I hope you don’t consider this totally unexpected and confusing behaviour a feature. Since newline is not a valid character in base64, you can easily strip the trailing newline in the input to the decoder.

aklomp commented 9 months ago

The base64 utility is intended as a demo project for the base64 library, to show how to integrate the library into a codebase. I don't consider it a core feature. Before the last release, the base64 library was very simple and behaved as a dumb pipe. stdout could be piped to stdin and all was well.

But over the years a few issues have been raised (#8 is the one I could find quickly) that were caused by the fact that the behavior was not identical to the system base64. So in issue #115 I decided to fix that complaint and go for bug compatibility. So now the program always emits a trailing newline and always line-breaks the output by default. Gross, I agree, because I like dumb pipes, but it upholds the principle of least surprise.

But, and this is where you have a point, it seems like I didn't do a perfect job, because upon checking, the system base64 does seem to eat newlines, as demonstrated by:

echo foo | base64 | base64 -d

So I guess this issue is now about stripping newlines from the input.

aklomp commented 9 months ago

Possible connection to #33.

sergeevabc commented 7 months ago

Windows 7 x64 user here. Looking forward to test a fixed version.

aklomp commented 7 months ago

I pushed an issue126 branch which fixes this issue, but in benchmarks it's about twice as slow as the system base64's decoder on the same large input file. Probably because the algorithm is really naive and checks the input bytewise for \n.

I guess I can merge it because a working but slow program is preferable over a non-working program, but it sucks to admit defeat to the system base64 :)

sergeevabc commented 7 months ago

@aklomp, you mean I have to download that branch and compile it myself? o_O

aklomp commented 7 months ago

@sergeevabc Well yes, how else do you get a binary? This project does not publish any binaries.

But anyway, I think I'll merge the branch today because it fixes the issue, and create a follow-up issue to deal with the slow decoding. The fix works, it's pretty trivial and I tested it locally. It's just quite slow because it scans the input twice.

aklomp commented 7 months ago

Found the speed regression. Don't write to stdout in the inner loop :) Anyway, now the timing is competitive again.

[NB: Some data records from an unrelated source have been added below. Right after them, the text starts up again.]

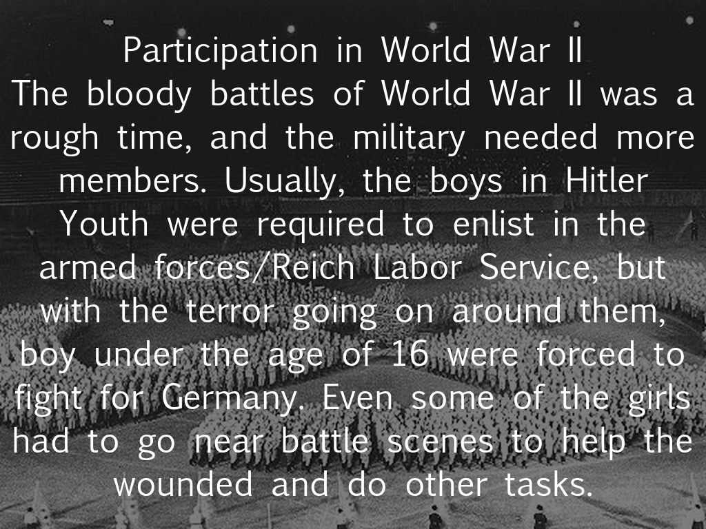 The bloody battles of World War II was a rough time, and the military needed more members. Usually, the boys in Hitler Youth were required to enlist in the armed forces/Reich Labor Service, but with the terror going on around them, boy under the age of 16 were forced to fight for Germany. Even some of the girls had to go near battle scenes to help the wounded and do other tasks.
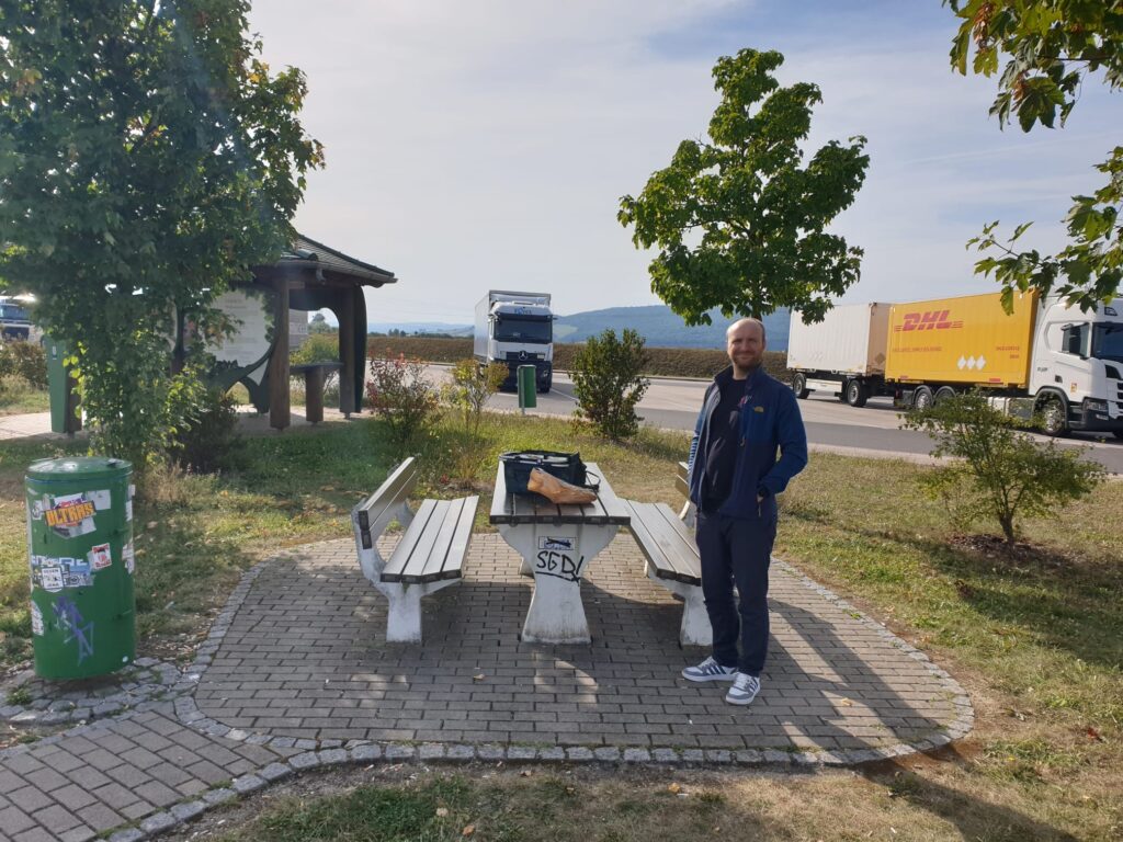 Der Tag begann für uns beide heut schon sehr früh, da die Anreise zum Flughafen Frankfurt mit dem Auto geplant war. Jan sackte mich auf dem Weg in Schkeuditz (bei Leipzig) ein und nach einem kurzen Kaffee-Stopp bei McDonalds ging es direkt wieder auf die Autobahn. Wir rollten gemütlich über die A9 bis zum Hermsdorfer Kreuz und anschließend weiter auf der A4, bis wir entschieden eine Frühstückspause auf dem Rastplatz Hainich einzulegen. Hier aßen wir die geschmierten Brötchen und früh noch frisch gekochten Hühnereier aus Bernburg. Ausgeruht und gestärkt ging es dann weiter Richtung Frankfurt am Main. Glücklicherweise blieben wir von größeren Verzögerungen verschont und dachten bei jedem Stau auf der Gegenfahrbahn nur „hoffentlich trifft uns das nicht“!
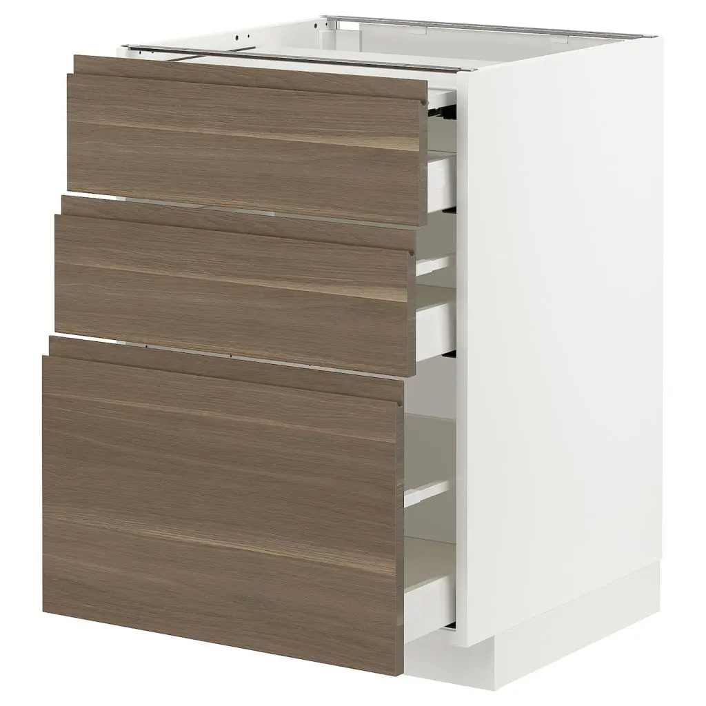 Код кухонного шкафа ME/MA 541Ящики МАКСИМЕРА с плавным ходом выдвигаются полностью. Благодаря доводчикам закрываются медленно, плавно и бесшумно.Съемная полка – организуйте место для хранения в соответствии с вашими потребностями.Дверцу можно установить справа или слева.Каркас имеет устойчивую конструкцию благодаря стенкам из ДСП толщиной 18 мм.Защелкивающиеся петли устанавливаются на дверцу без шурупов, поэтому дверцу легко снять и помыть.Для разных стен требуются различные крепежные приспособления. Подберите подходящие для ваших стен шурупы, дюбели, саморезы и т. п. (не прилагаются).Петли регулируются по высоте, глубине и ширине.Ножки и цоколи продаются отдельно.Можно дополнить ручкой.
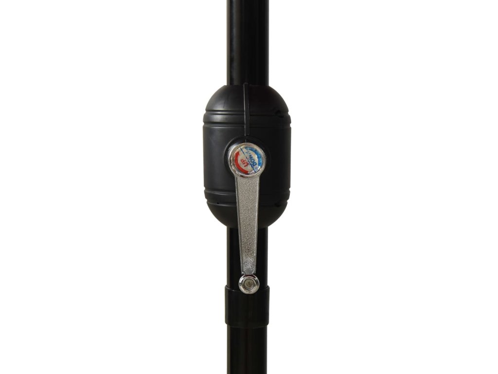 Zahradní slunečník je vyrobený z polyesteru, který nebledne a skvěle odolává UV záření, poskytne vám tedy optimální ochranu proti slunci. Stabilitu zajišťují práškově lakovaná hliníková tyč a žebra. Slunečník je vybavený klikovým mechanismem a funkcí naklápění, je skládací a přenosný. Můžete ho zasadit do svého stávajícího stojanu nebo doprostřed stolů s otvorem na slunečník.
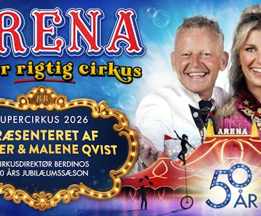 - 2. april 2026torsdag 16.00København NVCirkuspladsen ved BellahøjCirkus Arena 2026 m. Bubber og Malene
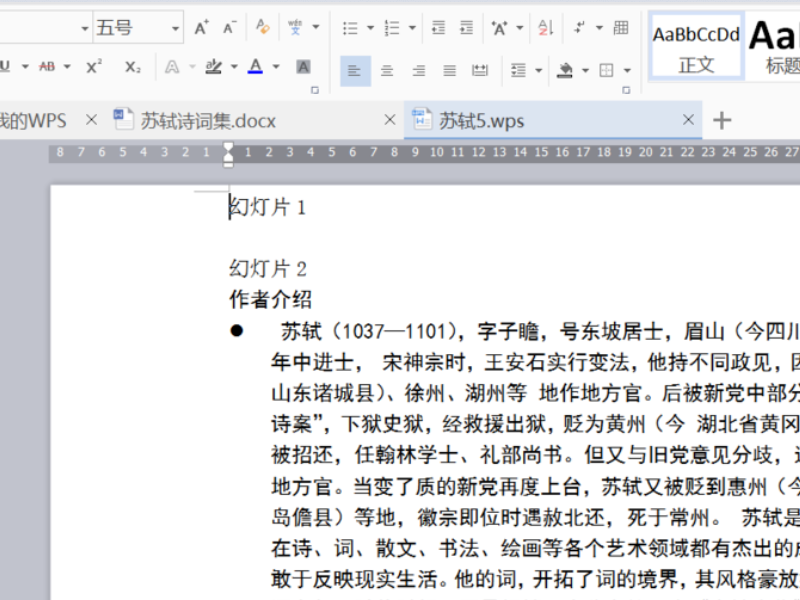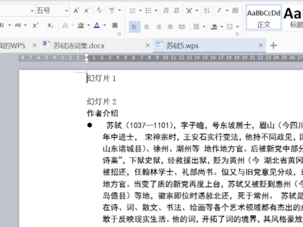 文稿转换好了以后,首先是进行字体、段落设置,然后点击相应按钮,拆分成多张幻灯片,剩下的修饰(字体、段落、项目符号与编号、背景等)。

Will merge soon.

sergeevabc commented 7 months ago

Testing base64 0.5.2 built with w64devkit on Windows 7 x64. Oh my, the executable turned out to be almost 10 times larger than the source (116658 vs 12913 bytes).

$ busybox echo -n Z2l0aHVi | base64.exe -d
github

$ busybox echo -n Z2l0aHViIAo= | base64.exe -d
github

$ busybox echo -n Z2l0aHViCg== | base64.exe -d
github

$ busybox echo -n Z2l0aHViIA0K | base64.exe -d
github

I guess the devil is in the details like spaces, carriage returns and line feeds?

aklomp commented 7 months ago

@sergeevabc I don't quite understand your comment. Are you reporting a bug?

Those strings seem to decode fine for me, including the whitespace, as shown with xxd:

$ echo -n Z2l0aHVi | bin/base64 -d | xxd
00000000: 6769 7468 7562                           github
$ echo -n Z2l0aHViIAo= | bin/base64 -d | xxd
00000000: 6769 7468 7562 200a                      github .
$ echo -n Z2l0aHViCg== | bin/base64 -d | xxd
00000000: 6769 7468 7562 0a                        github.
$ echo -n Z2l0aHViIA0K | bin/base64 -d | xxd
00000000: 6769 7468 7562 200d 0a                   github ..

About the binary size, not sure why it's so much larger, but I think static linking might have something to do with it.

sergeevabc commented 7 months ago

There's an issue indeed, @aklomp.

aklomp commented 7 months ago

@sergeevabc This issue has been closed. Please open a new issue if you want to file a bug report. By the way, I can't reproduce this in Linux; are you sure you are using the latest version?

sergeevabc commented 7 months ago

@aklomp, by the way, you should consider displaying the version so that we don't have to guess, redownload and recompile the source code. Yes, I have the latest version (0.5.2). And I suspect that issue is related to handling CRLF.